How to use LAPINE
All LAPINE code must be run in the Conda virtual environment built during the installation process. However, as an exception, the network embedding process must be executed in the BioNev virtual environment. Please execute the python files in the order described below.
1.Download data
Run data_downlaod.py in your virtual python environment (above 3.7.2) constructed by conda to download all necessary files from the public database.
(.venv) python data_download.py
2.Network construction
Run network.py to parse network data from protein-protein interactions from the STRING database, and chemical-protein interactions from the STITCH database.
(.venv) python network.py --threshold 700
parameters
threshold : This parameter determines the threshold for the reliability of information included in STRING and STITCH databases. Only interactions with a confidence score higher than the parameter is used in the analysis. Therefore, a high parameter value means the use of limited high-reliability information only. The range of parameters is from 0 to 1000.
3.Network embedding
Run the following command in the BioNEV environments (python 2.7) to generate the embedding of the constructed network.
(.venv) conda activate bionev
(bionev) bionev --input './result/network.edgelist' --output './result/emb.txt' --directed True --method 'node2vec' --dimension 128 --p 4 --q 0.5
parameters
input : path of input file (do not change)
output : path of output file (do not change)
directed : consider network as the directed network (do not change)
method : name of algorithm for the network embededing. The default value is ‘node2vec’ which is optimized by cross-validation. See the links at the bottom of this section for other options.
dimension : the dimensions of embedding for each node. The default value is 128 which is optimized by cross-validation. The recommended parameter range is 16 to 512.

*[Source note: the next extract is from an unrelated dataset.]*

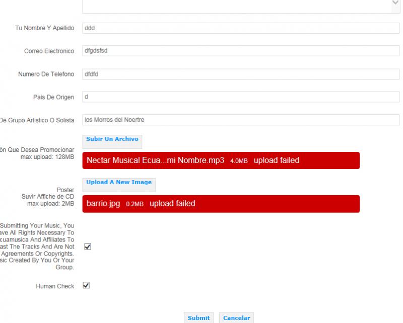 The main idea of this form is to allow A signer or promoter to upload a promotional song without having to create an account profile. How can this be fixed?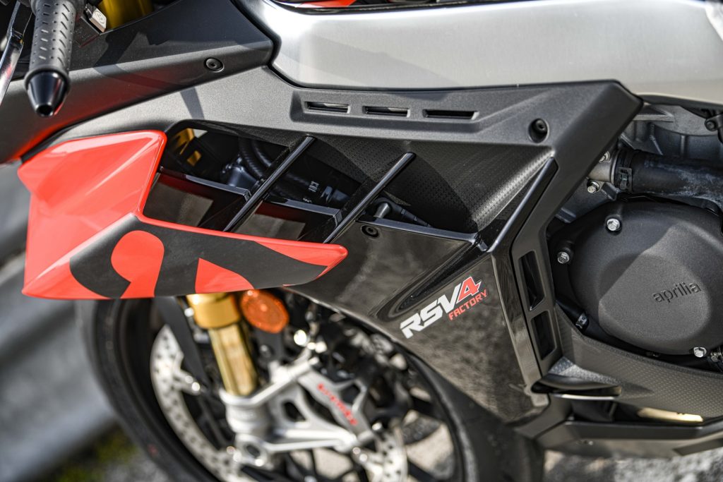 Le superfici particolarmente ridotte delle fiancate lasciano completamente scoperta la ruota anteriore, con benefici nella maneggevolezza nei cambi di direzione, soluzione già utilizzata dalla RS-GP in MotoGP. I tratti principali della carenatura parlano il linguaggio tipico delle Aprilia sportive di ultima generazione, contraddistinto da forme dinamiche, moderne, dalle superfici contenute; il caratteristico gruppo ottico anteriore triplo a LED, dotato di luci DRL perimetrali posizionate sul contorno dei due proiettori principali, rende RSV4 immediatamente riconoscibile in ogni condizione di luce. Gli indicatori di direzione sono integrati nei profili DRL e rendono la sezione frontale ancora più compatta.

p, q : two parameters that control the biased random-walk procedure. A high p value ensures that the walker is less likely to visit the just visited node. A high q value ensures that the walker is more likely to visit the node which is close to the node walker just passed. The default values of p, q are 4 and 0.5 which is optimized by cross-validation. The recommended parameter range is 1/4 to 4.
more details are available at https://github.com/xiangyue9607/BioNEV
4.ADR-protein relation prediction
Run model.py to predict the association score between ADRs and proteins.
(.venv) python network.py --regularization 0.1 --threshold 700
parameters
regularization : Inverse of regularization strength of logistic regression, smaller values specify stronger regularization; must be a positive float. The default value is 0.1 which is optimized by cross-validation. The recommended parameter range is 0.01 to 1.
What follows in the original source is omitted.